**ENTRIES PROVIDED:**
=====

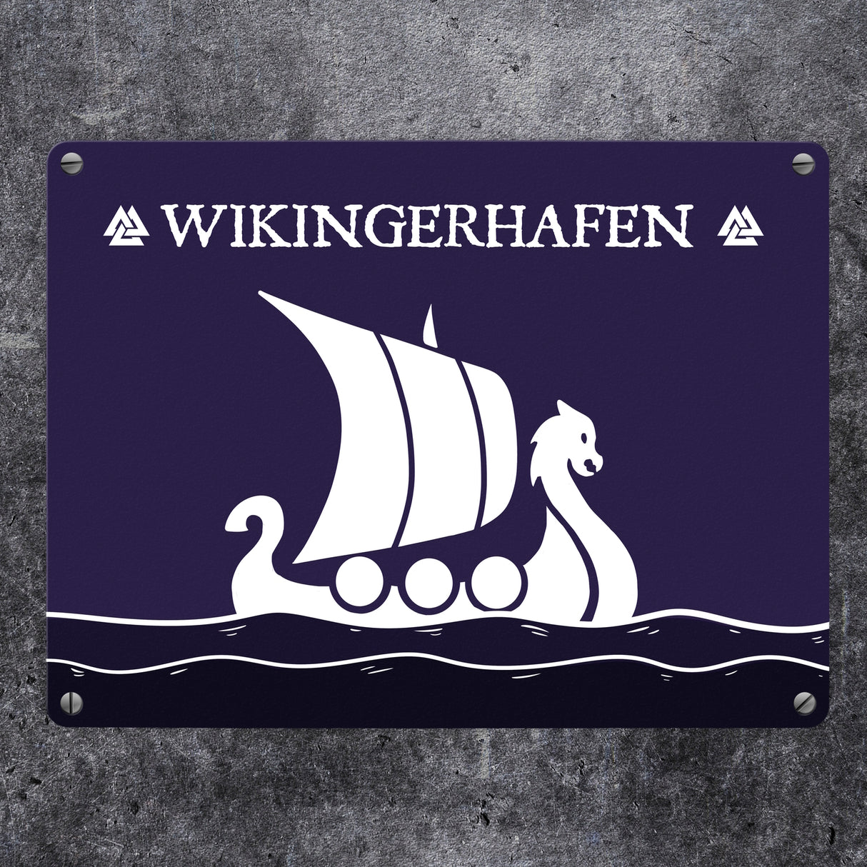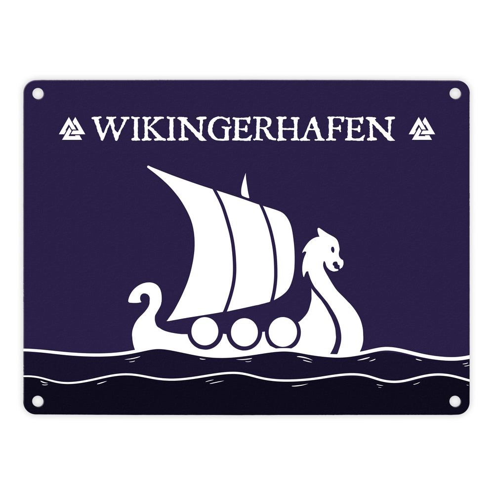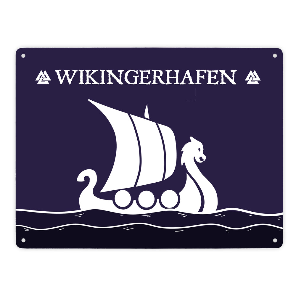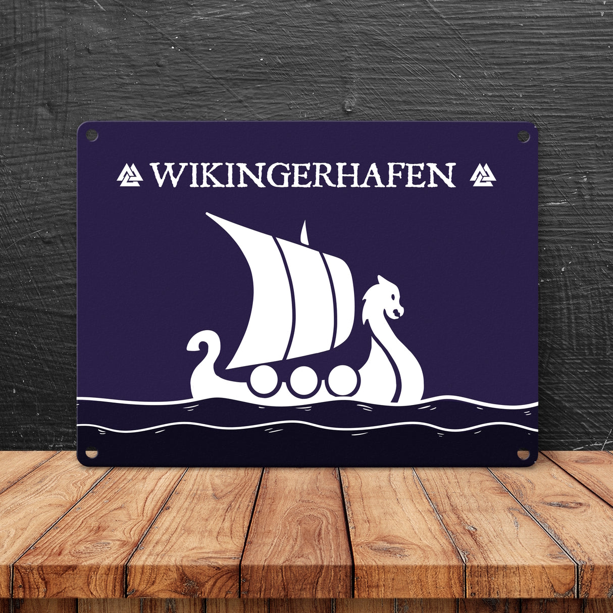 Wikingerhafen Metallschild mit Drachenboot Motiv
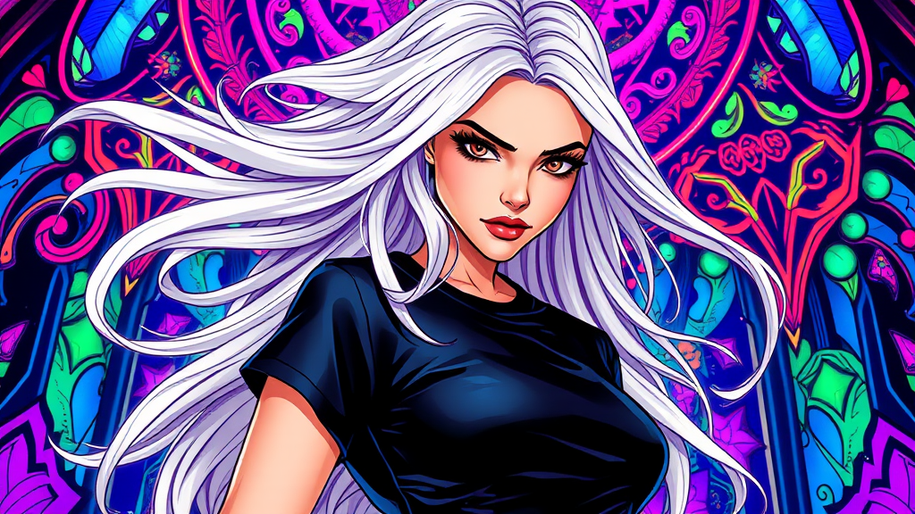 An illustration of a woman with flowing white hair wearing a sleek black t-shirt, depicted in a vibrant fusion of colorful fantasy and cyberpunk manga aesthetics, drawing inspiration from the intricate details of Hans Zatzka's work and the bold outlines of Marvel comics. The image incorporates the smooth, glossy finish found in Yanjun Cheng's style and the vibrant, eye-catching palette of a colorful muralist, creating a stained-glass effect that captures light and shadow beautifully. The scene exudes an otherworldly ambiance, with neon hues and intricate patterns adorning the background, adding depth and dynamism to the composition. Her expression is fierce and enigmatic, embodying the strength and allure of a powerful protagonist.
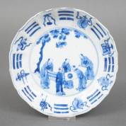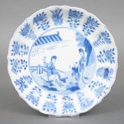Chinees porseleinen gelobd bordje met gecontourneerde opstaande rand en blauw-wit 'five scholars' decor, Chenghua gemerkt, Kangxi -barst, haarlijn, randdefecten-, Ø 17 cm
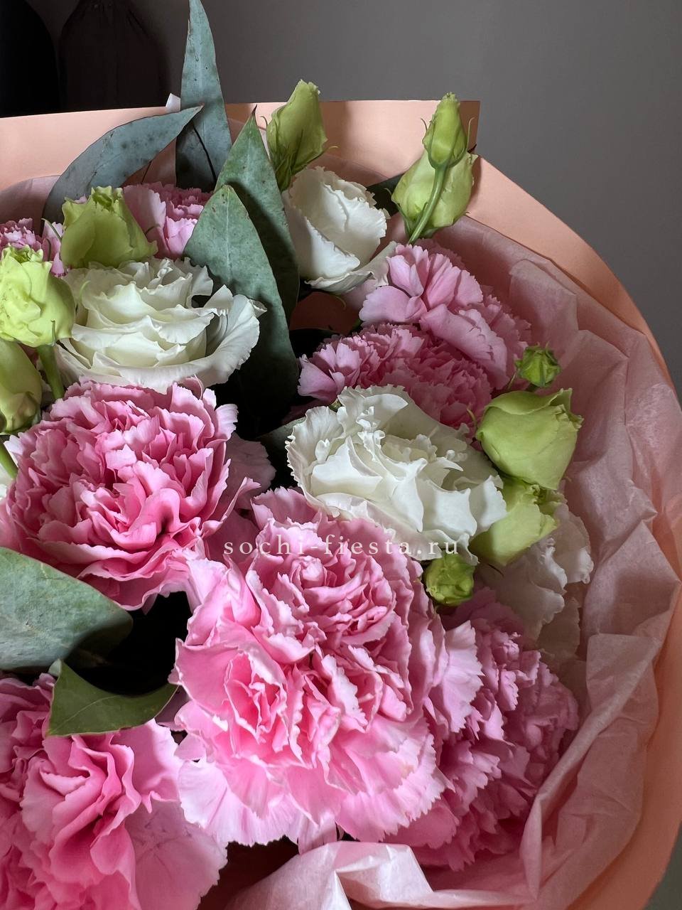 гортензия, роза, гербера, эустома, диантус, дельфиниум, эвкалипт, лента, дизайнерская пленка.
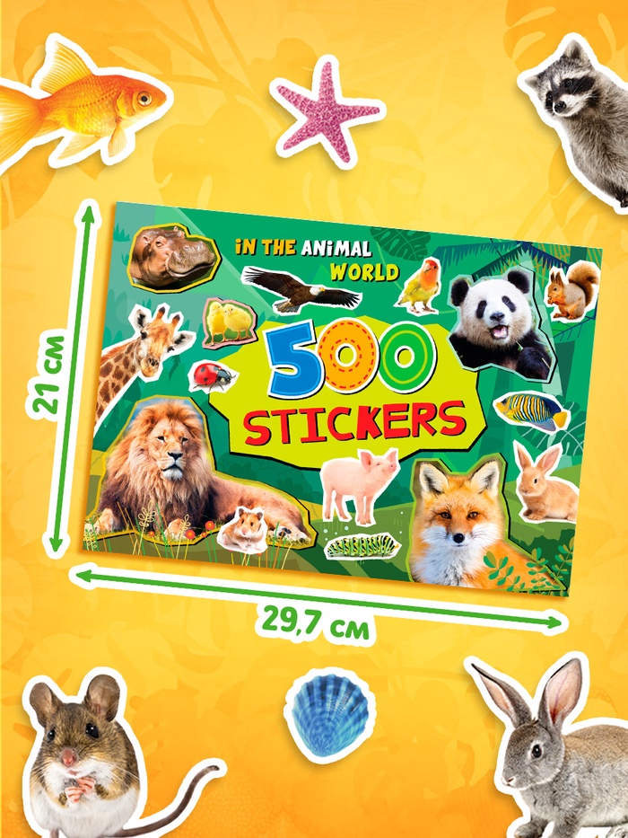 • 500 наклеек с изображениями животных, подходящих для создания аппликаций и оформления различных поверхностей.

=====

**TASK REQUIREMENTS:** Leave the pictures out and output all of the data verbatim.

**PROBLEM SOLUTION:**
 Wikingerhafen Metallschild mit Drachenboot Motiv
 An illustration of a woman with flowing white hair wearing a sleek black t-shirt, depicted in a vibrant fusion of colorful fantasy and cyberpunk manga aesthetics, drawing inspiration from the intricate details of Hans Zatzka's work and the bold outlines of Marvel comics. The image incorporates the smooth, glossy finish found in Yanjun Cheng's style and the vibrant, eye-catching palette of a colorful muralist, creating a stained-glass effect that captures light and shadow beautifully. The scene exudes an otherworldly ambiance, with neon hues and intricate patterns adorning the background, adding depth and dynamism to the composition. Her expression is fierce and enigmatic, embodying the strength and allure of a powerful protagonist.
Chinees porseleinen gelobd bordje met gecontourneerde opstaande rand en blauw-wit 'five scholars' decor, Chenghua gemerkt, Kangxi -barst, haarlijn, randdefecten-, Ø 17 cm
 гортензия, роза, гербера, эустома, диантус, дельфиниум, эвкалипт, лента, дизайнерская пленка.
 • 500 наклеек с изображениями животных, подходящих для создания аппликаций и оформления различных поверхностей.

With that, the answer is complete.